How to solve the following system of equations.

Question

$2x^2-3xy+2y^2=2\frac{3}{4}\\x^2-4xy+y^2+\frac{1}{2}=0$

I tried all the methods that I know, but I could't isolate $x$ or $y$ to form one equation.

Answer 1

Hint

Multiply the second by $2$, substract the result from the first.
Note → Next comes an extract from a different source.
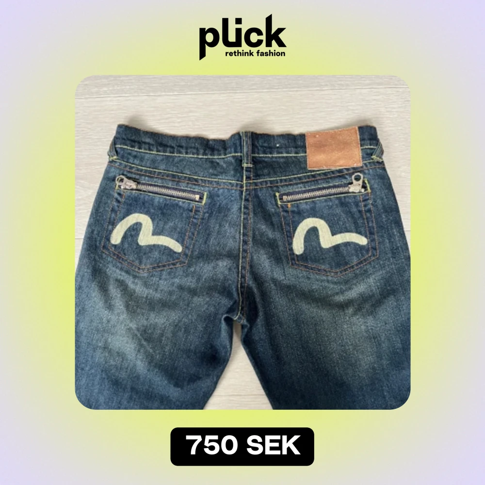 Dösnygga äkta Evisu jeans med coola detaljer! Jeansen är lågmidjade och har greenwash. De är i mycket bra skick med inga skador. Raktöver midjan: 43cm the flare raktöver: 22cm ytterbenslängd: 95cm Kontakta vid frågor och intresse<3

So, $x^2$ is gone and you express $x$ as a function of $y$. Plug it into one of the equations to get one equation in $y$.

Answer 2

By multiplying the second by $-2$ you get: $$2x^2-3xy+2y^2=\frac{6}{4}$$ $$-2x^2+8xy-2y^2=1$$ Then adding them you get: $$5xy=\frac{10}{4} \Rightarrow xy=\frac{1}{2} \Rightarrow x=\frac{1}{2y}$$

Substituting this in the second equation you get: $$\frac{1}{4y^2}-2+y^2+\frac{1}{2}=0 \Rightarrow \frac{1}{4y^2}+y^2=\frac{3}{2}$$

Multiplying this equation by $4y^2$ you get: $$1+4y^4=6y^2 \Rightarrow 4y^4-6y^2+1=0$$

Let $u=y^2$:$$4u^2-6u+1=0$$ Then continue by solving this quadratic polynomial...

Answer 3

Multiply second equation by $2$, $$2x^2-8xy+2y^2+1=0$$ Substract the first equation by the second, $$2x^2-3xy+2y^2-\frac{11}{4}-(2x^2-8xy+2y^2+1)=0\\2x^2-3xy-2y^2-\frac{11}{4}-2x^2+8xy-2y^2-1=0\\5xy=\frac{15}{4}\\x=\frac{3}{4y}$$ Substitute $x=\frac{3}{4y}$ in the first equation, $$2x^2-3xy+2y^2=\frac{11}{4}\\2(\frac{3}{4y})^2-3(\frac{3}{4y})y+2y^2-\frac{11}{4}=0\\\frac{9}{8y^2}+2y^2-5=0\\16y^4-40y^2+9=0$$Now use the quadratic Formula to solve $16y^4-40y^2+9=0$,$$y^2=\frac{-(-40)\pm\sqrt{(-40)^2-4.16.9}}{2.16}\\y^2=\frac{40\pm\sqrt{1600-4.16.9}}{2.16}\\y^2=\frac{40\pm\sqrt{16(100-4.9)}}{2.16}\\y^2=\frac{40\pm4\sqrt{64}}{2.16}=\frac{40\pm4.8}{2.16}=\frac{5\pm4}{4}\\y^2=\frac{5+4}{4}=\frac{9}{4}\Rightarrow y=\pm\frac{3}{2}\\or,~~y^2=\frac{5-4}{4}=\frac{1}{4}\Rightarrow y=\pm\frac{1}{2}$$

Answer 4

As has been said in other answers, first solve for $xy$

$$2x^2-3xy+2y^2=\frac{11}4$$ $$-2x^2+8xy-2y^2=1$$ $$5xy=\frac{15}4$$ $$xy=\frac34$$

Now take the original second equation and manipulate it.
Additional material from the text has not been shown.